(Records from a data collection)
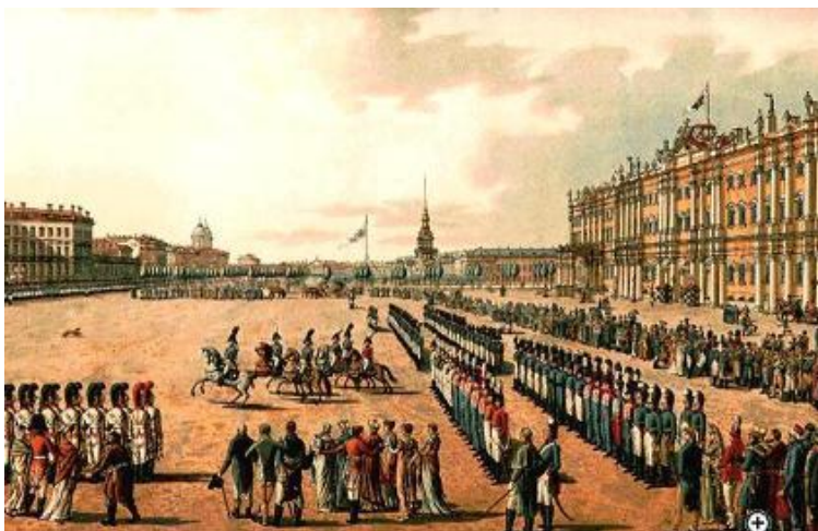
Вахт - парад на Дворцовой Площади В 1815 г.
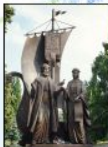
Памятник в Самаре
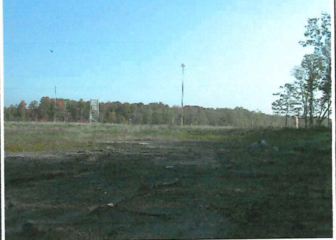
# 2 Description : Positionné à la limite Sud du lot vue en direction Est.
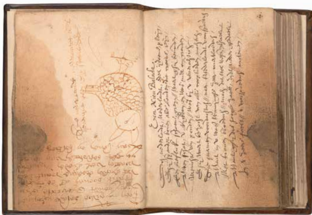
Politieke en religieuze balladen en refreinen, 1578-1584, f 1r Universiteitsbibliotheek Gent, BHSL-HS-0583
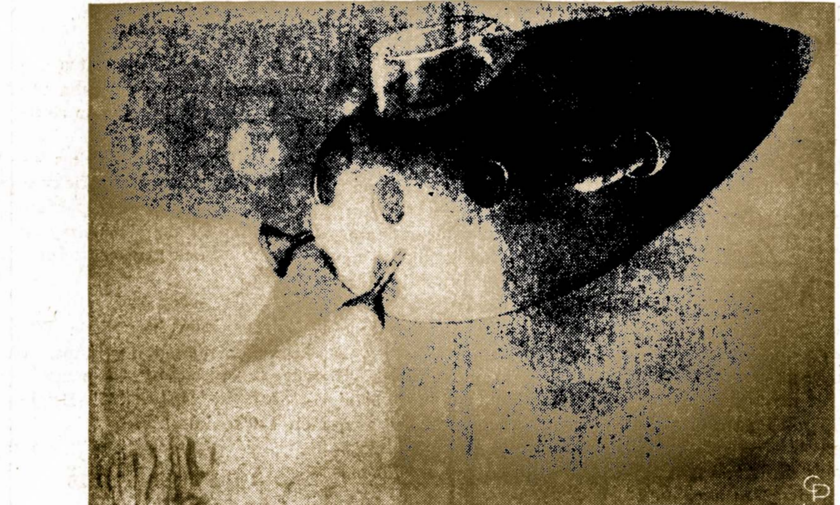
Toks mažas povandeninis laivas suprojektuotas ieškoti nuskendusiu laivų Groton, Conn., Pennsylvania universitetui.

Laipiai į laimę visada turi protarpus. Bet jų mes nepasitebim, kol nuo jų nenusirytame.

* _What to do_: In the records above, find the line containing "Politieke en religieuze" and restate it and every line after it word for word, all pictures excluded.

* _Response_:
Politieke en religieuze balladen en refreinen, 1578-1584, f 1r Universiteitsbibliotheek Gent, BHSL-HS-0583
Toks mažas povandeninis laivas suprojektuotas ieškoti nuskendusiu laivų Groton, Conn., Pennsylvania universitetui.

Laipiai į laimę visada turi protarpus. Bet jų mes nepasitebim, kol nuo jų nenusirytame.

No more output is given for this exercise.